[Source data]

※ ※ ※

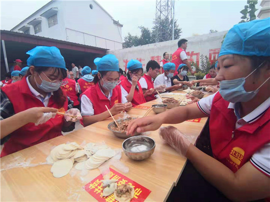 與此同時(shí),在演出現(xiàn)場(chǎng)附近的村委大院內(nèi),由周口市慈孝文化促進(jìn)會(huì)、北斗達(dá)教育集團(tuán)等組成的200多名志愿團(tuán)隊(duì)正忙得不亦樂(lè)乎,調(diào)餡、包餃子、下鍋、端盤(pán),兩個(gè)多小時(shí)內(nèi),他們精心包出20000多個(gè)愛(ài)心水餃。11時(shí)30分,餃子宴正式開(kāi)始,老人們一邊吃著水餃一邊觀看者演出,喜笑顏開(kāi),呈現(xiàn)出一片相親相敬的溫馨畫(huà)面。
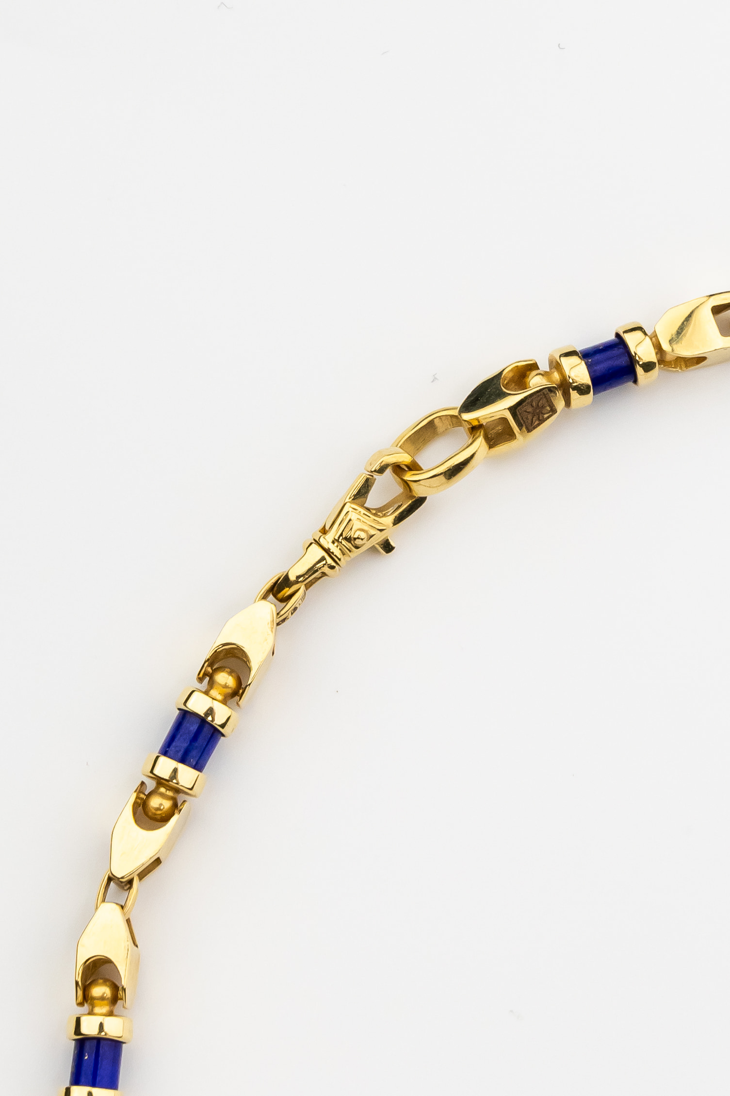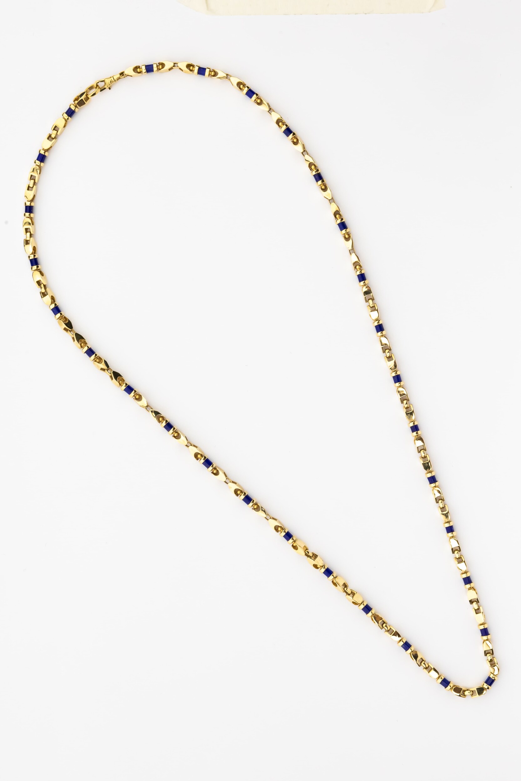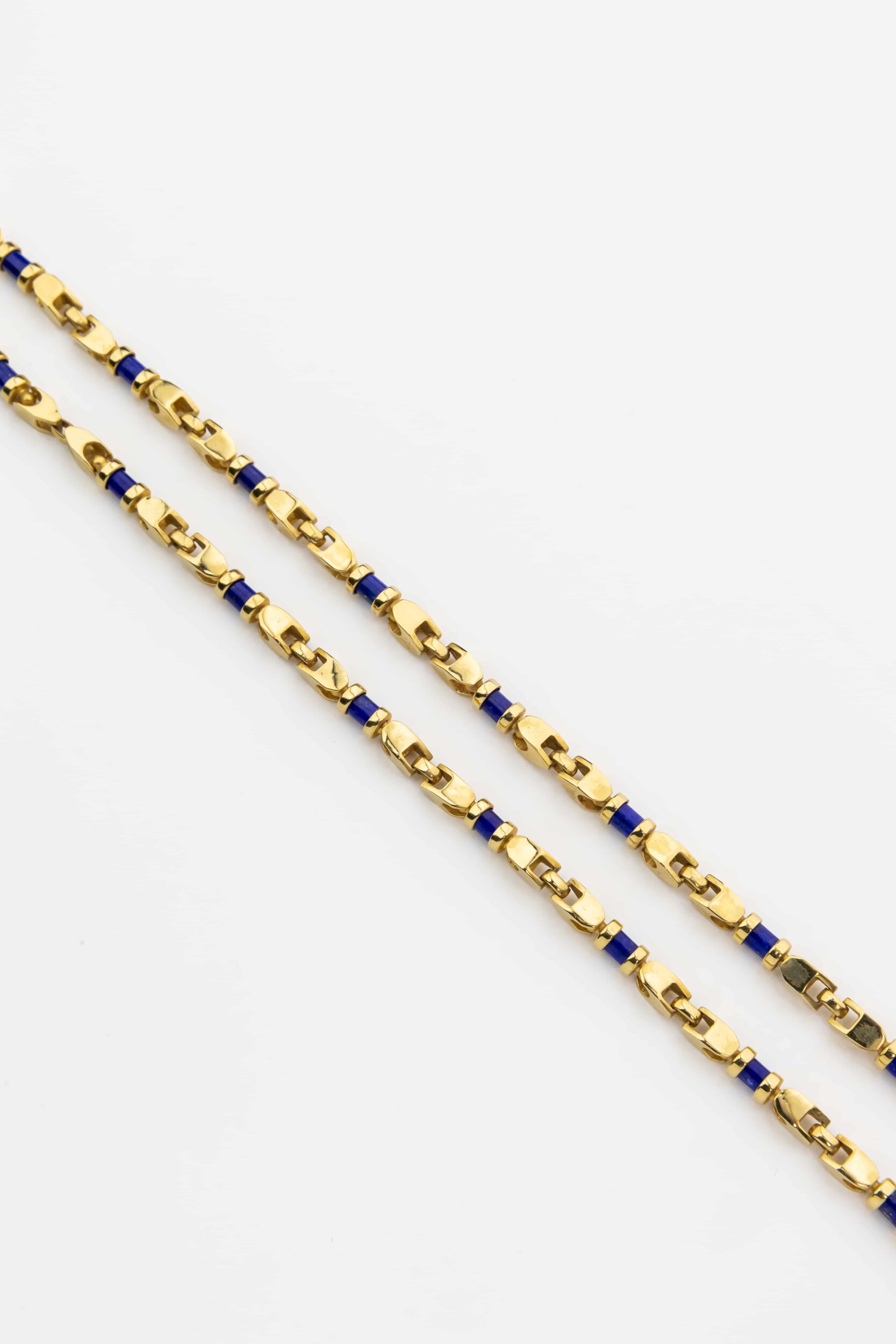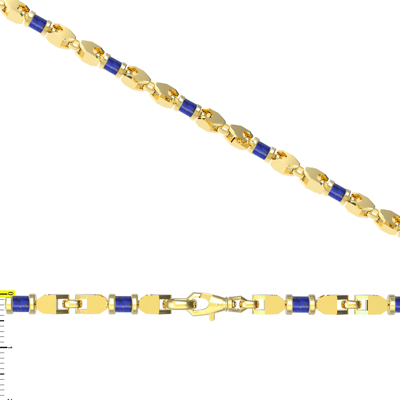 Особую художественную ценность этой цепи придают 175 вставок из натурального лазурита. Камень огранен в форму цилиндра, что придает украшению строгий и геометрически выверенный вид. Чередование золотых звеньев и синих цилиндров создает динамичный рисунок, который притягивает взгляд и делает аксессуар акцентной деталью образа. Дизайн подчеркивает мужской характер изделия, делая его идеальным выбором как для повседневного ношения, так и для особых случаев.
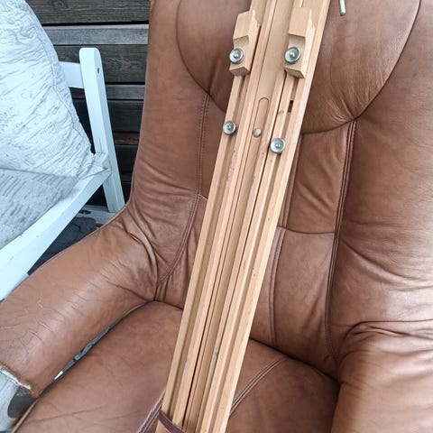 Panduro Hobby staffeli i træ. Fritstående staffeli med justerbar højde til lærred eller plade. Fremstillet i lyst træ med sort plastskrue til fastgørelse af lærredet. Egnet til brug i atelier, hobbyrum eller midlertidige udstillinger. Kan klappes sammen for lettere opbevaring og transport.
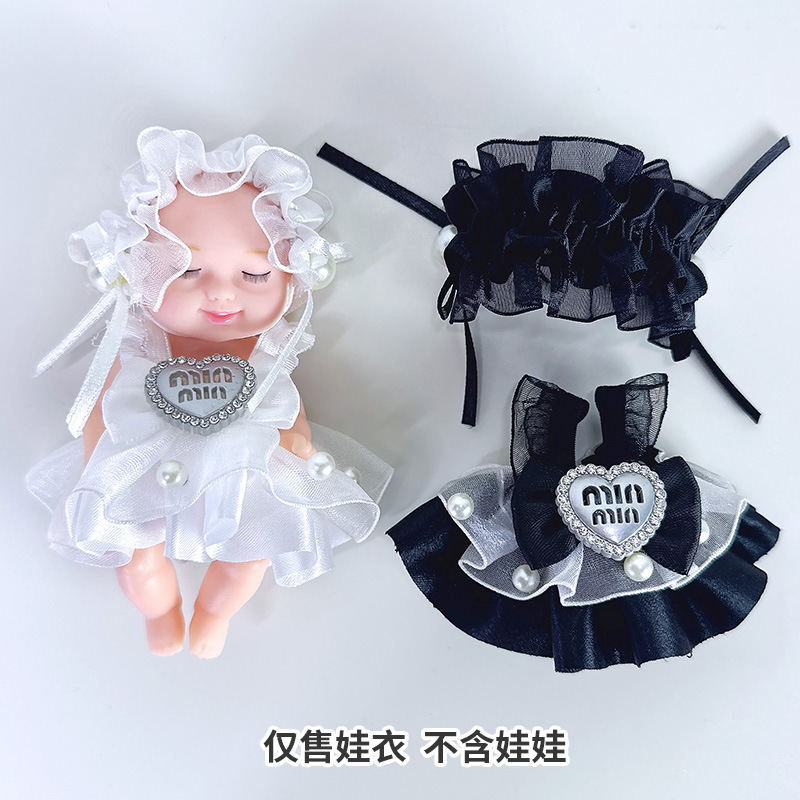 10cm Baby Clothes Lolita Headband Vinyl Baby Clothes Lace Elastic Headband Black Swan White Swan Princess Dress
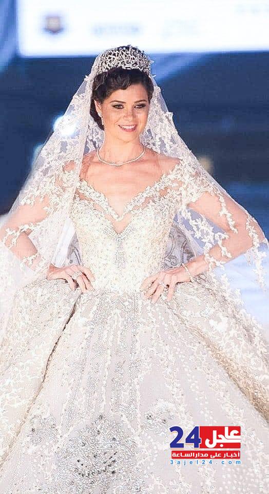 وتميز الفستان بذيل عريض مطرز بالكامل من الألماس وقصير من الإمام بشكل مختلف عن بقية فساتين الزفاف التى قدمها هانى البحيرى من قبل.
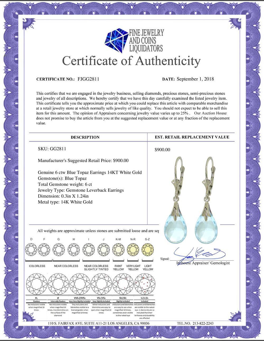 REF-27P8H - SKU: GG2811 ---- Genuine 6 ctw Blue Topaz Earrings 14KT Rose Gold
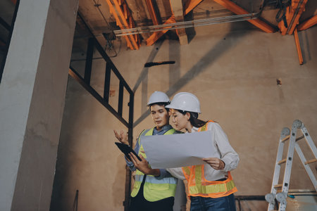 Team Civil Engineer and Contractor discussion in construction site. Team Architect working use BIM technology and digital construction application on digital tablet. Asian man worker.
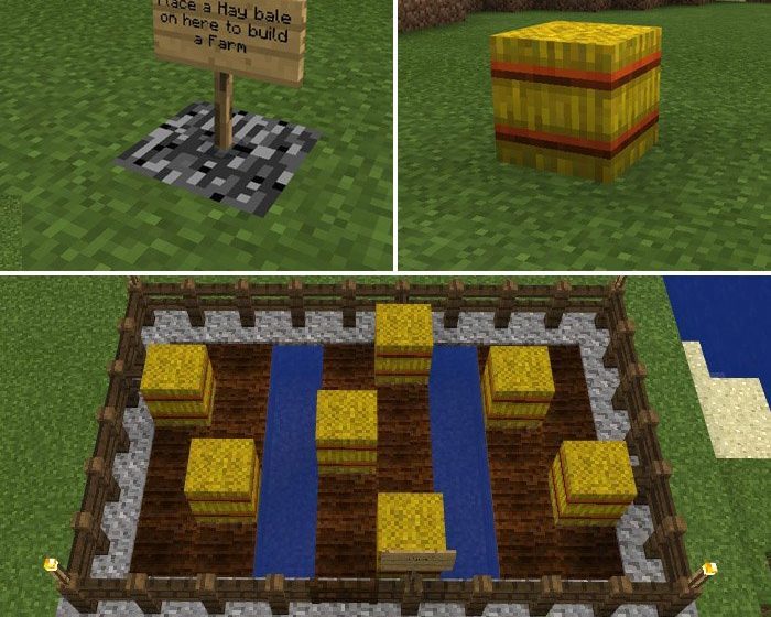 Throughout the island, you will encounter numerous signs with instructions that you need to follow. For instance, as shown in the screenshot below, I need to place a hay bale on a block and then build my own farm around it.
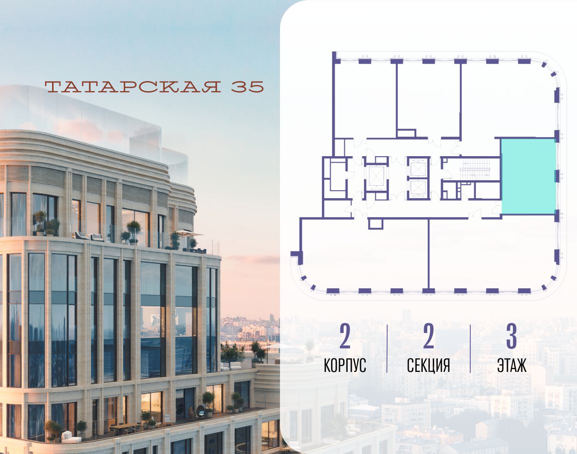ТАТАРСКАЯ, 35 - новая архитектурная доминанта Замоскворечья, достопримечательность на фотопанорамах исторического центра Москвы. Элитный дом, созданный для тех, кто умеет смотреть далеко вперед, мыслить масштабно и воплощать собственный сценарий жизни.
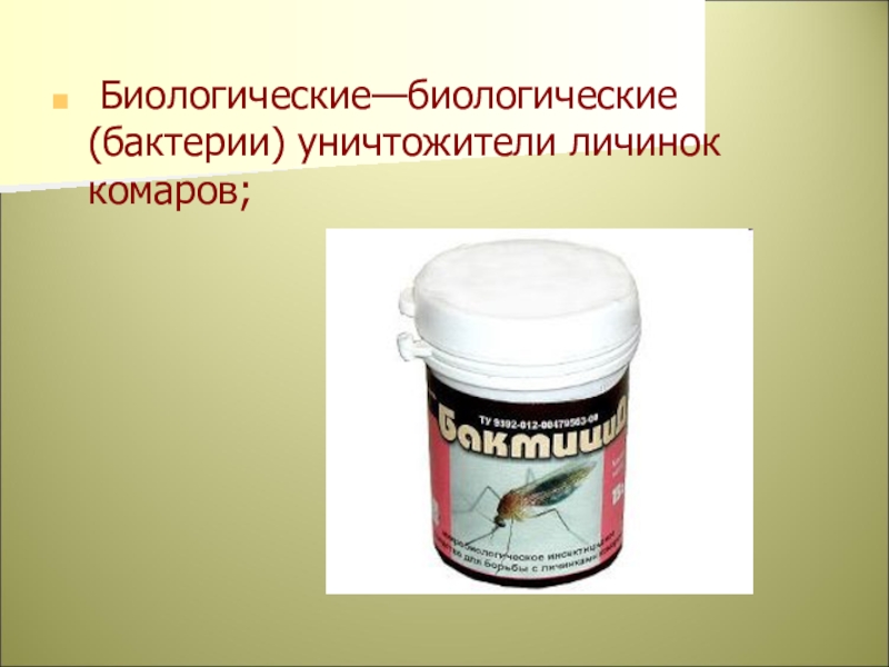 Биологические—биологические (бактерии) уничтожители личинок комаров;
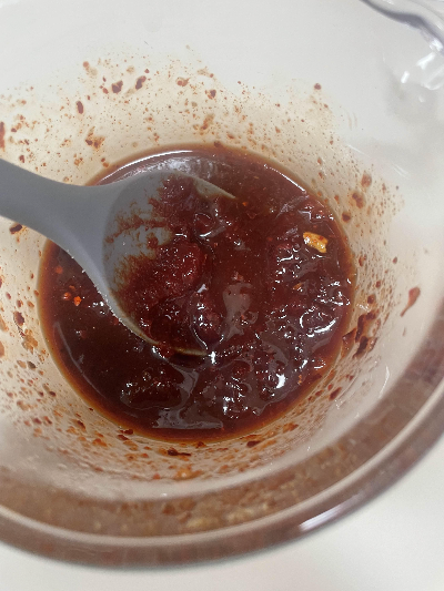 고추장 1T,고춧가루 2T,진간장 2T,매실청 1T,올리고당 1T,다진마늘 듬뿍 1T
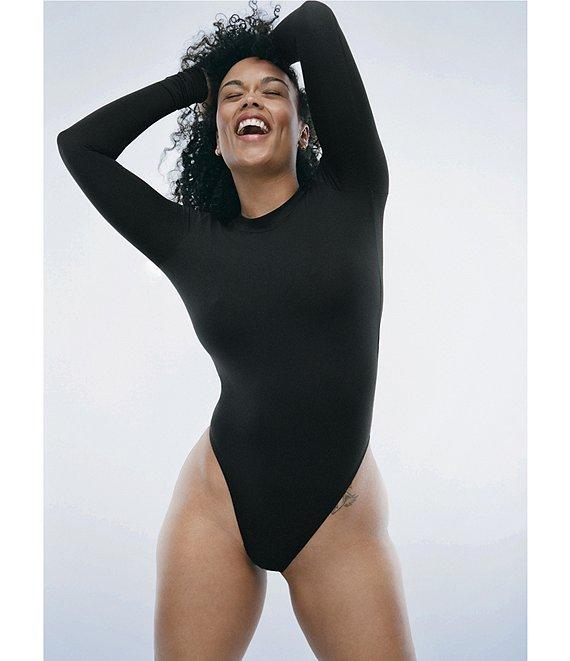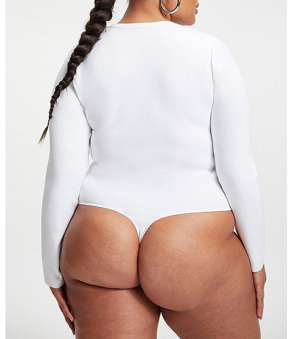 From Good American Plus, this bodysuit features: Scuba knit fabrication Crew neckline Long sleeves Thong bottom Bottom snap closure Nylon/elastane Dry clean or hand wash Imported.

※ ※ ※

## WORK REQUIRED:
With the pictures excluded, the records are to be reproduced exactly.

## REPLY:
 與此同時(shí),在演出現(xiàn)場(chǎng)附近的村委大院內(nèi),由周口市慈孝文化促進(jìn)會(huì)、北斗達(dá)教育集團(tuán)等組成的200多名志愿團(tuán)隊(duì)正忙得不亦樂(lè)乎,調(diào)餡、包餃子、下鍋、端盤(pán),兩個(gè)多小時(shí)內(nèi),他們精心包出20000多個(gè)愛(ài)心水餃。11時(shí)30分,餃子宴正式開(kāi)始,老人們一邊吃著水餃一邊觀看者演出,喜笑顏開(kāi),呈現(xiàn)出一片相親相敬的溫馨畫(huà)面。
 Особую художественную ценность этой цепи придают 175 вставок из натурального лазурита. Камень огранен в форму цилиндра, что придает украшению строгий и геометрически выверенный вид. Чередование золотых звеньев и синих цилиндров создает динамичный рисунок, который притягивает взгляд и делает аксессуар акцентной деталью образа. Дизайн подчеркивает мужской характер изделия, делая его идеальным выбором как для повседневного ношения, так и для особых случаев.
 Panduro Hobby staffeli i træ. Fritstående staffeli med justerbar højde til lærred eller plade. Fremstillet i lyst træ med sort plastskrue til fastgørelse af lærredet. Egnet til brug i atelier, hobbyrum eller midlertidige udstillinger. Kan klappes sammen for lettere opbevaring og transport.
 10cm Baby Clothes Lolita Headband Vinyl Baby Clothes Lace Elastic Headband Black Swan White Swan Princess Dress
 وتميز الفستان بذيل عريض مطرز بالكامل من الألماس وقصير من الإمام بشكل مختلف عن بقية فساتين الزفاف التى قدمها هانى البحيرى من قبل.
 REF-27P8H - SKU: GG2811 ---- Genuine 6 ctw Blue Topaz Earrings 14KT Rose Gold
 Team Civil Engineer and Contractor discussion in construction site. Team Architect working use BIM technology and digital construction application on digital tablet. Asian man worker.
 Throughout the island, you will encounter numerous signs with instructions that you need to follow. For instance, as shown in the screenshot below, I need to place a hay bale on a block and then build my own farm around it.
ТАТАРСКАЯ, 35 - новая архитектурная доминанта Замоскворечья, достопримечательность на фотопанорамах исторического центра Москвы. Элитный дом, созданный для тех, кто умеет смотреть далеко вперед, мыслить масштабно и воплощать собственный сценарий жизни.
 Биологические—биологические (бактерии) уничтожители личинок комаров;
 고추장 1T,고춧가루 2T,진간장 2T,매실청 1T,올리고당 1T,다진마늘 듬뿍 1T
 From Good American Plus, this bodysuit features: Scuba knit fabrication Crew neckline Long sleeves Thong bottom Bottom snap closure Nylon/elastane Dry clean or hand wash Imported.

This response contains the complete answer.